## What is being asked
Begin at the line containing "5. Add the necessary" in the data below and go on through the line containing "Δύο ρομποτικά χέρια", repeating each line exactly; include both ends and no other line.

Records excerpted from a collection
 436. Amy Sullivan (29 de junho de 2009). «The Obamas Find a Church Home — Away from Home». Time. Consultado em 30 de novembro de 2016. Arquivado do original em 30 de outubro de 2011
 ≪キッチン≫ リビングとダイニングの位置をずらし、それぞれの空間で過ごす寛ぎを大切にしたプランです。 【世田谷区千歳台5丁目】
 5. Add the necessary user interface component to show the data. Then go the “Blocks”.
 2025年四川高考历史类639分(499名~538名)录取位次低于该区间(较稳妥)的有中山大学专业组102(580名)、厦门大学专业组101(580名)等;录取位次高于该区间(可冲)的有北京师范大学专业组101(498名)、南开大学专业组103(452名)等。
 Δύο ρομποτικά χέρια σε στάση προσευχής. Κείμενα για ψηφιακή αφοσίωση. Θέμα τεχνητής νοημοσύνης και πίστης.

==

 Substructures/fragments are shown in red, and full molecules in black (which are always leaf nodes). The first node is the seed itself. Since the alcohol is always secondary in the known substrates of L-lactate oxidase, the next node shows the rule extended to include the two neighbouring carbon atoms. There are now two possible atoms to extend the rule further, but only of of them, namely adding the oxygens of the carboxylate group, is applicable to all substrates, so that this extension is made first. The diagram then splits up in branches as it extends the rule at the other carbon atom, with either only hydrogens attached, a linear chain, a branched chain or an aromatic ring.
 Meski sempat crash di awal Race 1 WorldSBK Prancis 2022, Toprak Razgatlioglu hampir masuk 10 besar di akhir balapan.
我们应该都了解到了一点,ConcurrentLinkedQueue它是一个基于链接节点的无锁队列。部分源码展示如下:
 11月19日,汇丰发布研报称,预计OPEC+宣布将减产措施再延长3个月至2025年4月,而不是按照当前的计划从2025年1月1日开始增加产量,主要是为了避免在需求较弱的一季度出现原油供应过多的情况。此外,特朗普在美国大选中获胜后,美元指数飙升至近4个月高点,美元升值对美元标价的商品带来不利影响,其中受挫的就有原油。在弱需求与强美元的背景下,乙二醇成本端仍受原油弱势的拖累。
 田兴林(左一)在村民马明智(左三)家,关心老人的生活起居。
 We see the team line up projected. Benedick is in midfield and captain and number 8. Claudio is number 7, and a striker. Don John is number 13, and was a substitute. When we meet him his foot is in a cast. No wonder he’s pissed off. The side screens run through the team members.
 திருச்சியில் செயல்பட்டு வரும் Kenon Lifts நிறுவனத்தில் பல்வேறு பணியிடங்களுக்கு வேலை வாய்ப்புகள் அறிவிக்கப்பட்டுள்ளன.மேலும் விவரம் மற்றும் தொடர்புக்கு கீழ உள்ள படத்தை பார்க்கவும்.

## Reply
 5. Add the necessary user interface component to show the data. Then go the “Blocks”.
 2025年四川高考历史类639分(499名~538名)录取位次低于该区间(较稳妥)的有中山大学专业组102(580名)、厦门大学专业组101(580名)等;录取位次高于该区间(可冲)的有北京师范大学专业组101(498名)、南开大学专业组103(452名)等。
 Δύο ρομποτικά χέρια σε στάση προσευχής. Κείμενα για ψηφιακή αφοσίωση. Θέμα τεχνητής νοημοσύνης και πίστης.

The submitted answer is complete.